9. Is there any new information on opportunistic infections and Kaposi's sarcoma?

No new clinically relevant data were reported. The incidences of Kaposi's sarcoma and non-Hodgkin's lymphoma are decreasing. ICAAC I248 and I250.

10. What is new regarding immune restoration?

CD4 depletion is caused by increased cell destruction rather than a block in CD4 production. ISA 2001(Buenos Aires), LB 3.

11. Any new drug-drug interactions reported this year?

St. John's wort prevents the absorption of Indinavir.

Garlic decreases Saquinavir levels by 50%.

Comment: garlic is being taken by numerous patients in an effort to treat cholesterol elevations. CROI 2001, Piscitelli Presentation.

12. What new resistance information was reported?

Doug Richman reported an astonishingly high level of drug resistance in 1999 in 200,000 US AIDS patients.

• 70% showed some resistance to NRTIs
• 42% showed some resistance PIs
• 31% showed some resistance to NNRTIs
• 51% were resistant to 2 or more classes of drugs
• 14% had resistance to all 3 classes of drugs

Fauci and Dybul report no viral rebound and no CD4 decline in patients on a program of seven days on treatment and seven days off treatment at one year. Viral rebound was seen when patients went 10 days off treatment. Blood lipids improved significantly. IDSA 2001, Pl 4 and ICAAC 2001 I 1910.

In patients who are chronically non-adherent, once-a-day treatment in a structured environment may be appropriate. Once-daily treatment was effective in a methadone clinic using Nevirapine/DDI and 3TC. ISA 2001(Buenos Aires), Abs 426 and ICAAC 2001, I 917.

13. Any new useful information on lipodystrophy or other side effects and metabolic complications?

No.

The lipodystrophy syndrome (insuline resistant diabetes, cholesterol elevation, triglyceride elevation, facial lipodystrophy, buffalo hump, abdominal obesity, and peripheral fat loss) remains the major complication of HAART. The cause of this problem and effective treatments remain to be identified. Intensification of HAART regimens caused lipodystrophy to worsen.

Osteopenia and osteoporosis (loss of bone mineralization) was seen in 50% of HIV positive patients with multiple drug regimens. ICAAC, Chicago 2001REF. Osteoporosis is not due to protease inhibitors. ICAAC 2001, I 1328, I 1329.

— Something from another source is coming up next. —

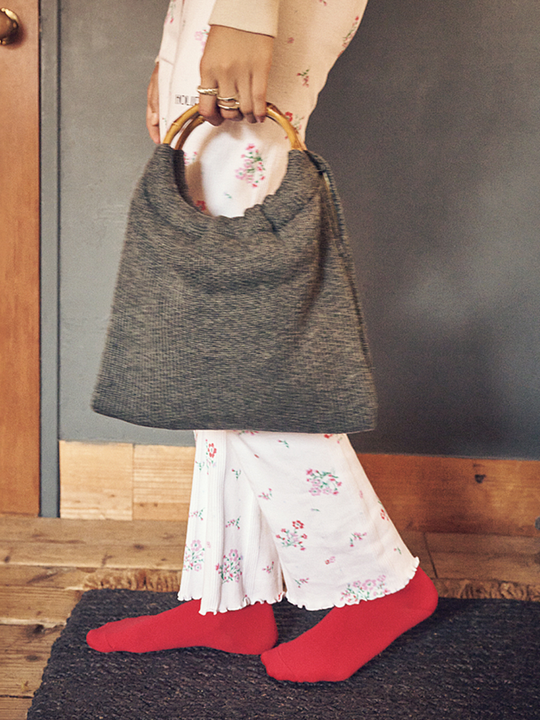 赤バッグ 18,700円/NKNIT カーヴィなハンドル部分が柔和な素材でさらに丸みをおび、赤いバッグをレトロに転換。金ボタンがクラシックな印象をあと押し。

Dramatic increases in osteonecrosis (bone death) in AIDS patients have been noted. Osteonecrosis is not associated with hyperlipidemia or lipodystrophy. Avascular necrosis of the hip occurs with low CD4 count and presents as hip pain. It is a common side effect, especially in patients receiving steroids. Hip replacement is safe in HIV positive patients. ICAAC 2001, Abs I216 and I218.

Anemia is common in HIV-infected individuals. In one study of 501 patients, 21% were found to have HIV-associated anemia. Anemic patients demonstrate HIV disease progression at a rate 3-8 times faster than non-anemic patients. . ISA 2001(Buenos Aires), Poster 1049.

Procrit (epoetin alpha) administered at a dosage of 40,000 units once-weekly was as effective as 10,000 units administered 3 times a week. ICAAC 2001, Abs I 254.

Myocardial infarction is associated with PI treatment. Patients on protease inhibitors should take drugs to lower their cholesterol, reduce weight and blood pressure, and stop smoking.

Provastatin (Provachol) was safe and effective in lowering cholesterol and triglicerides. IDSA 2001, Abs 18, Abs 730. ICAAC 2001, Abs I 1326.

Lactic acidosis results from mitochondrial toxicity (depletion of mDNA). It occurs more frequently with D4T. Lactic acidosis is characterized by fatigue, gastrointestinal symptoms, elevated lactic acid and XXX in patients on NRTI treatment (eg, D4T). The mortality rate can be 80%. 8 CROI S 64 and Abs 624.

14. What else should I watch out for? (Co-infections and emerging diseases)

Co-infection with hepatitis C appears to be a major problem in HIV-infected patients. Hepatitis C infection slows the rise in CD4 count in treatment-naive HIV-positive patients. ICAAC H 741 and ICAAC 2001, Abstract I205.

Hyperglycemia is more frequent in hepatitis C co-infected HIV-positive patients on HAART. ICAAC 2001 H740.

Hepatitis C pathogenesis appears to be immunologically based whereas hepatitis C plus HIV co-infection hepatic disease appears to be cytokine driven. ICAAC 2001, Poster H456.

Pegalated interferon alpha 2A is emerging as the current treatment for hepatitis C. 180 mcg resulted in less than 100 copies of hepatitis C at 12 weeks. This response was sustained and included genotype 1, which usually does not respond to interferon. ISA 2001(Buenos Aires), 38 and IDSA 2001 Abs 538.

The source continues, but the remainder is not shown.